Today, meet Kelly Knee who leads our Ocean Science teams in North America, and Karen Jones, Operational Director based in our London Farringdon Street office.

What was your career path? How did you get to where you are today?
I started with the business as an intern 16 years ago.  I was fresh out of grad school and didn’t know much about consulting, but the work was immediately interesting and engaging.  From day one there was a new challenge around every corner – my background is in water resources, so I had a lot to learn about ocean science and software development. 

The Ocean Science business has always been good about connecting staff at every level to clients and I quickly found that I enjoyed working with clients and helping to manage projects.  When I started, I was more focused on the science side of our business – modelling and data analysis.  About six years ago I started to focus more on the data management and software development side of our business and found that I loved the collaborative nature of that work – we work closely with federal and academic partners.

My career path is pretty traditional – I started by helping to manage projects and progressed to leading a team and managing larger and more complex projects.

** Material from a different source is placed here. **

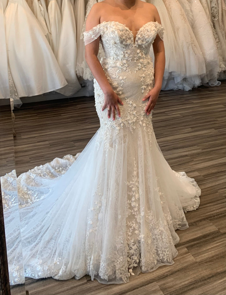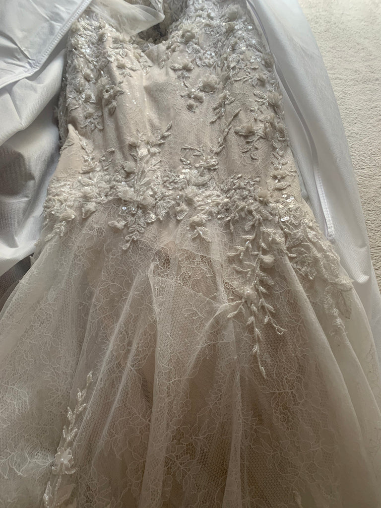 Condition: The dress has 3 tears on it, one on the front and two on the back by the bum area and button area. I was reassured by a seamstress that this dress is 100% repairable unless you’re taller than 5’10 and cannot get the dress hemmed. I am a street size 6 and this size 12 dress. The bridal store informed me that the dress is going to be discontinued soon due to the difficulty in finding this specific fabric and the sample dresses are close to being the last ones out there.
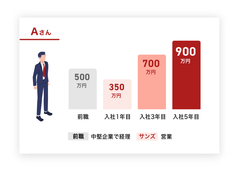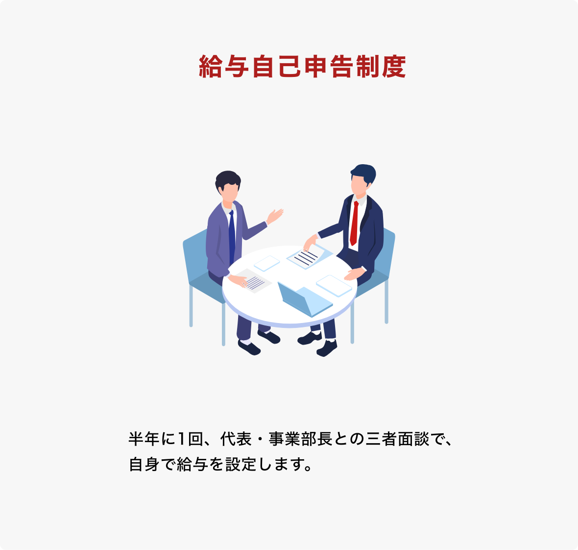 | 給与 | ※過去入社月実績を表記しています (2022年12月支給) 【月給+インセンティブ】 月給:260,000円〜 (固定残業代含む) ※基本給:213,800〜円 固定残業代/月: 46,200円〜/29時間 ※固定残業代は残業がない場合も 支給し、超過する場合は別途支給 半期インセンティブ (詳細は面談でお伝えします) |

I joined the Ocean Science management team several years ago and took over as director of the Ocean Science business at the beginning of 2019. I got to my current position by working hard, always being willing to take on the next challenge, and building strong relationships both internally and externally.

The theme for International Women’s Day this year is ‘an equal world is an enabled world’ – what does that mean to you?
First, I feel very lucky to be surrounded by fantastic women at RPS. I have the privilege of working with the brilliant women in our office every day and connecting regularly with other female leaders across the North American and global businesses.  While, we have a lot of great examples of women in leadership positions across RPS, I think a lot about equality in our workplace and am always looking for ways in which we can improve.

I think an equal world enables women to stop spending energy worrying about stereotypes and bias, working harder to achieve the same goals, or worrying about how we are being perceived and focus on what really matters to us and our careers.

What advice would you give your 12-year old self?
That’s a tough one – two things come to mind immediately: worry less about what other people think and learn to code.

Karen Jones, Operational Director for Planning in our London Farringdon Street office, is listed in Newington’s Women of Influence for 2020, celebrating influential UK women making tangible differences in planning, property and built environment.

What was your career path? How did you get to where you are today?
I followed a traditional route of being governed by my strongest A level subject – Geography, which led me to studying it at university. The university wasn’t great on career recommendations – town planning as a career wasn’t acknowledged.  Consequently, my long-held desire to enter the police took over and I applied for the fast track route to Inspector. I didn’t get in on my first try and determined to find an alternative career path.

Then recession hit and opportunities were scarce. However, graduate recruitment schemes were being initiated in certain industries, including the retail sector. I joined Gateway Foodmarkets as a graduate trainee, influenced by my father.  I had my pick of potential disciplines and chose human resources.  After a year of very useful management training courses, I decided I wanted to pursue a professional route. Several peers from my university course had started masters courses. Once again, I played to my strength in Geography and started a Town and Country Planning course. During that time I was appointed by a local college to lecture to Housing degree students on a planning module. This led to offers to take a PhD in women’s studies and equality at Sheffield University, but I felt I needed more real-world planning experience.

A graduate position as retail planner with Lichfields took me to London. Not wishing to pursue a narrow field of planning, I joined Avison Young (to date my longest serving role). This probably had the most professional planning influence on me, particularly as strong business development skills and commercial acumen were key requirements for career advancement. My path to RPS was fortuitous and where I am today has been enabled by a strong and supportive team, and a passion for the job.

The theme for International Women’s Day this year is ‘an equal world is an enabled world’ – what does that mean to you?
Strength in my business comes through diversity of skill sets and projects. To achieve this, you need different types of people with varying experiences and perspectives. It stands to reason that a workplace that is representative of the population it seeks to serve – especially in terms of creating a built environment that is usable by all sectors of society – will be enabled by women’s perspectives.  In our dynamic environment, which as planners we are seeking to shape for the better, we must be adaptable, creative and innovative.  Enabling all sectors of society to have an equal say in how this is achieved will inevitably lead to a transformation in the way we apply ourselves, create policies and adapt and flex to our environment.

What advice would you give your 12-year old self?
Careers advice at the time gave little attention to the person you were capable of becoming. In retrospect, I would tell myself I could be anything I put my mind to and, as such, I would have followed my original ambitions. Also to acknowledge that drive, passion and tenaciousness can take you a long way, and need to sit alongside academic qualifications. Finally: not trying to be someone else, but learning from others and letting your personality show; and to be confident in who you are.